**TASK OBJECTIVE:** Transcribe the data verbatim and drop its images.

**SUPPLIED INFORMATION:**

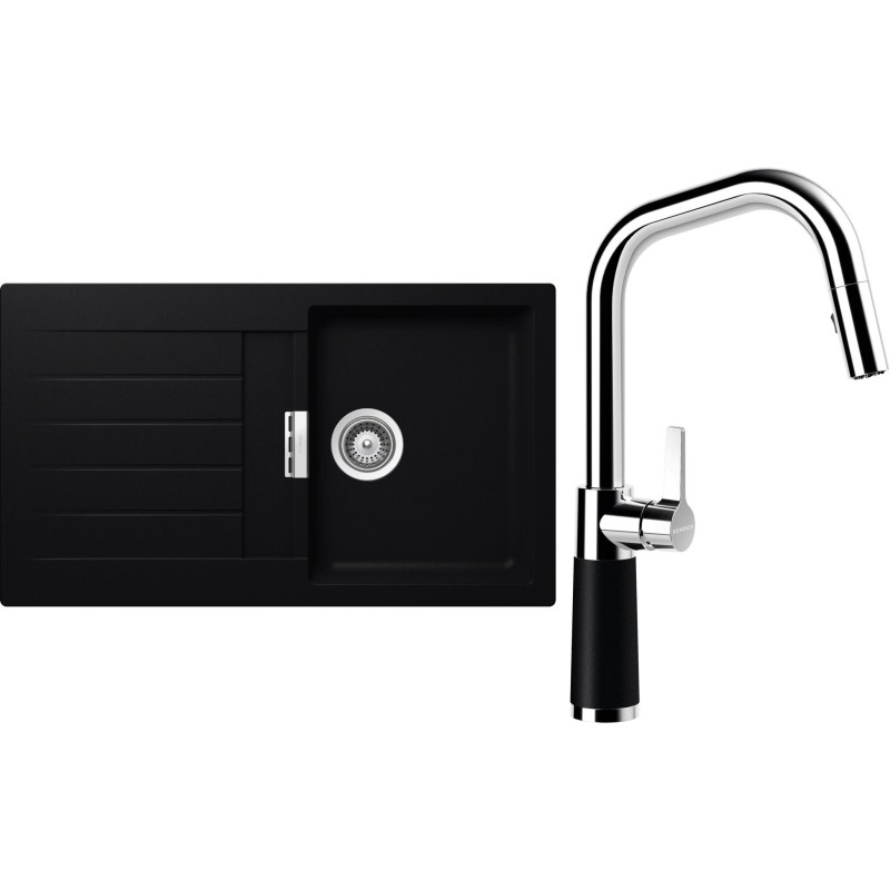 Cenově zvýhodněný set dřezu a baterie Schock S1-9 - obsahuje granitový dřez s odkapem Signus D-100 Puro a baterii se sprchou SC-530.120 Puro.
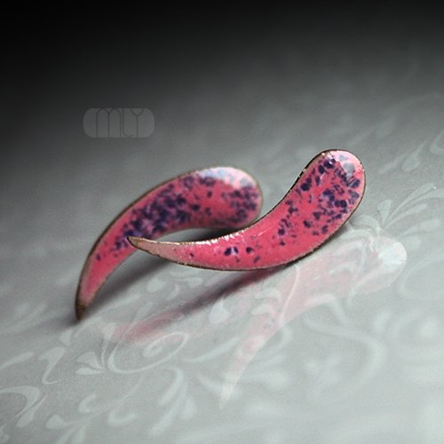 Ceramiczne podłużne kolczyki, ręcznie wykonane z delikatnej gliny kamionkowej, jednostronnie szkliwione mieszanką różówych szkliw z efektem plamek, tył matowy czekoladowobrązowy na antyalergicznych sztyftach.długość ok 2,8cm. Polecam
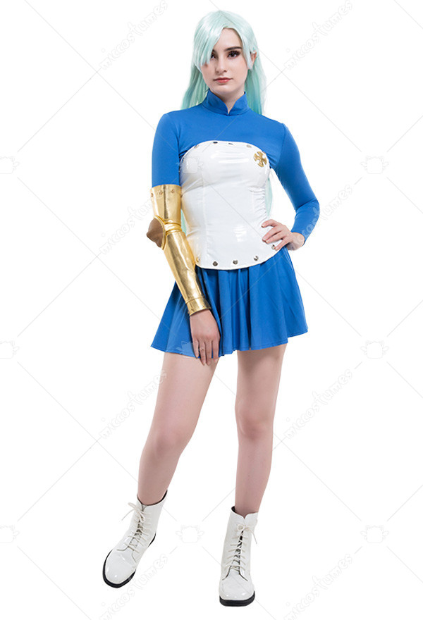 The costume includes top, skirt, chest guard*1, armguard*1, elbow guard*1. It is made of spandex, PU leather.
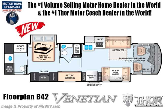 7-25-20 MSRP $408,750. The 2020 Thor Motor Coach Venetian B42 is approximately 42 feet 10 inches in length with 3 slides including a fall wall slide, 55” LED Smart TV, Tilt-a-View king bed, push button start, Cummins 400HP diesel engine, Freightliner raised rail chassis with new digital dash and a 6-speed automatic Allison transmission. A few additional standard features for the Venetian include a 10KW Onan generator with auto generator start, exterior entertainment center, (3) 15,000 BTU Low-Profile ducted cooling system with heat pumps, GPS, keyless entry, molded fiberglass roof, overhead cockpit loft, tile backsplash in the bathroom, stack washer/dryer, aluminum wheels, automatic leveling, VIP smart wheel and so much more. For more complete details on this unit and our entire inventory including brochures, window sticker, videos, photos, reviews & testimonials as well as additional information about Motor Home Specialist and our manufacturers please visit us at MHSRV.com or call 800-335-6054. At Motor Home Specialist, we DO NOT charge any prep or orientation fees like you will find at other dealerships. All sale prices include a 200-point inspection, interior & exterior wash, detail service and a fully automated high-pressure rain booth test and coach wash that is a standout service unlike that of any other in the industry. You will also receive a thorough coach orientation with an MHSRV technician, an RV Starter's kit, a night stay in our delivery park featuring landscaped and covered pads with full hook-ups and much more! Read Thousands upon Thousands of 5-Star Reviews at MHSRV.com and See What They Had to Say About Their Experience at Motor Home Specialist. WHY PAY MORE?... WHY SETTLE FOR LESS?

**EXERCISE ANSWER:**
 Cenově zvýhodněný set dřezu a baterie Schock S1-9 - obsahuje granitový dřez s odkapem Signus D-100 Puro a baterii se sprchou SC-530.120 Puro.
 Ceramiczne podłużne kolczyki, ręcznie wykonane z delikatnej gliny kamionkowej, jednostronnie szkliwione mieszanką różówych szkliw z efektem plamek, tył matowy czekoladowobrązowy na antyalergicznych sztyftach.długość ok 2,8cm. Polecam
 The costume includes top, skirt, chest guard*1, armguard*1, elbow guard*1. It is made of spandex, PU leather.
 7-25-20 MSRP $408,750. The 2020 Thor Motor Coach Venetian B42 is approximately 42 feet 10 inches in length with 3 slides including a fall wall slide, 55” LED Smart TV, Tilt-a-View king bed, push button start, Cummins 400HP diesel engine, Freightliner raised rail chassis with new digital dash and a 6-speed automatic Allison transmission. A few additional standard features for the Venetian include a 10KW Onan generator with auto generator start, exterior entertainment center, (3) 15,000 BTU Low-Profile ducted cooling system with heat pumps, GPS, keyless entry, molded fiberglass roof, overhead cockpit loft, tile backsplash in the bathroom, stack washer/dryer, aluminum wheels, automatic leveling, VIP smart wheel and so much more. For more complete details on this unit and our entire inventory including brochures, window sticker, videos, photos, reviews & testimonials as well as additional information about Motor Home Specialist and our manufacturers please visit us at MHSRV.com or call 800-335-6054. At Motor Home Specialist, we DO NOT charge any prep or orientation fees like you will find at other dealerships. All sale prices include a 200-point inspection, interior & exterior wash, detail service and a fully automated high-pressure rain booth test and coach wash that is a standout service unlike that of any other in the industry. You will also receive a thorough coach orientation with an MHSRV technician, an RV Starter's kit, a night stay in our delivery park featuring landscaped and covered pads with full hook-ups and much more! Read Thousands upon Thousands of 5-Star Reviews at MHSRV.com and See What They Had to Say About Their Experience at Motor Home Specialist. WHY PAY MORE?... WHY SETTLE FOR LESS?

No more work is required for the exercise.